En conséquence réformant et statuant à nouveau :
Débouter la SELARL [15] ès qualités de liquidateur de la SARL [19] de l’ensemble de ses demandes de condamnation, à savoir :
* Supporter une partie de l’insuffisance d’actif à hauteur de 171 475,71 euros correspondant à l’aggravation du passif de la société depuis le 1er octobre 2021 à la date du prononcé de la liquidation judiciaire
* Rembourser à la liquidation judiciaire la somme de 79 868,07 euros, et à tout le moins à supporter une partie de l’insuffisance d’actif à hauteur 7 868,07 euros, correspondant à l’usage contraire à l’intérêt de la société de ses biens ou crédits
* Rembourser à la liquidation judiciaire la somme de 26 696,00 euros et à tout le moins, à supporter une partie de l’insuffisance d’actif à hauteur 26 696,00 euros correspondant à la poursuite de l’activité déficitaire dans son intérêt personnel au travers d’une rémunération manifestement excessive,
* Payer une indemnité de 2 500 euros au titre de l’article 700 du code de procédure civile au profit de la SELARL [15] ès qualités de liquidateur de la SARL [19] et supporter les dépens.

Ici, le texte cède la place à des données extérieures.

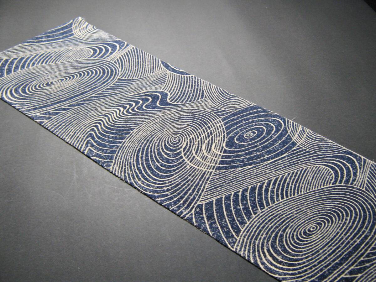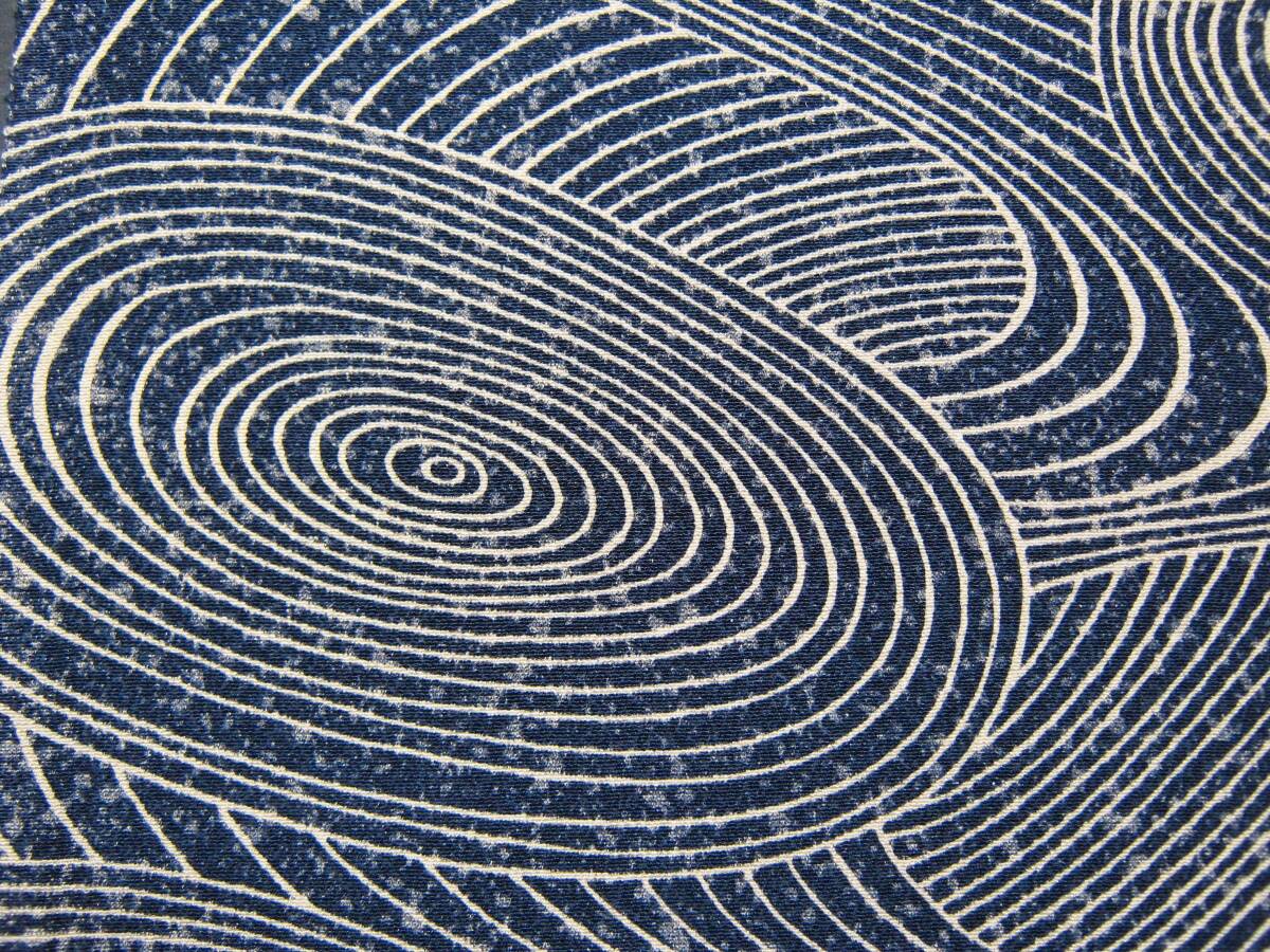 古布 半衿【正絹縮緬/渦潮 波模様 糊散らし 薄べーじゅ×濃藍】はぎれ

A titre subsidiaire, réformant sur le tout :
— Réduire les sommes mises à sa charge à l’euro
— Condamner la SELARL [15] ès qualités de liquidateur de la SARL [19] à lui verser une indemnité de 3 500 euros au titre de l’article 700 du code de procédure civile
Condamner la SELARL [15] ès qualités de liquidateur de la SARL [19] aux entiers dépens de première instance et d’appel
La SELARL [15], ès qualités, a notifié le 23 juillet 2025 des conclusions aux termes desquelles elle demande à la cour :
— d’infirmer le Jugement rendu le par le tribunal de commerce de Cusset le 17 septembre 2024 en ce qu’il :
*la déboute de sa demande de condamnation de M. [G] « à rembourser à la liquidation judiciaire la somme de 79 868.07 euros » correspondant à l’usage contraire à l’intérêt de celle-ci de ses biens ou crédit et ainsi au détournement de l’actif de la société ; la déboute de sa demande de condamnation de M. [G] « à rembourser à la liquidation judiciaire la somme de 26 696 euros » correspondant à la poursuite de l’activité déficitaire dans son intérêt personnel
* condamne M. [G] à supporter une partie de l’insuffisance d’actif dans la limite de 159 092.61 euros correspondant à l’aggravation du passif de la société depuis le 15 novembre 2021 à la date du prononcé de la liquidation judiciaire
*passe l’ensemble des dépens, comprenant émoluments, frais et débours induits par la présente décision, en frais privilégiés de liquidation judiciaire
*rejette toutes les autres demandes, fins et conclusions des parties
Statuant à nouveau, de :
— condamner M. [G] à supporter une partie de l’insuffisance d’actif à hauteur 171 475,71 euros correspondant à l’aggravation du passif de la société depuis le 1 er octobre 2021 à la date du prononcé de la liquidation judiciaire
— condamner M. [G] à rembourser à la liquidation judiciaire la somme de 79 868,07 euros, et à tout le moins, à supporter une partie de l’insuffisance d’actif à hauteur 79 868,07 euros, correspondant à l’usage contraire à l’intérêt de la société de ses biens ou crédits
— condamner M. [G] à rembourser à la liquidation judiciaire la somme de 26 696,00 euros et à tout le moins à supporter une partie de l’insuffisance d’actif à hauteur 26 696,00 euros, correspondant à la poursuite de l’activité déficitaire dans son intérêt personnel au travers d’une rémunération manifestement excessive
— condamner M. [G] à une indemnité de 2 500 euros au titre de l’article 700 du code de procédure civile au profit de la SELARL [15] ès qualités de liquidateur de la SARL [19]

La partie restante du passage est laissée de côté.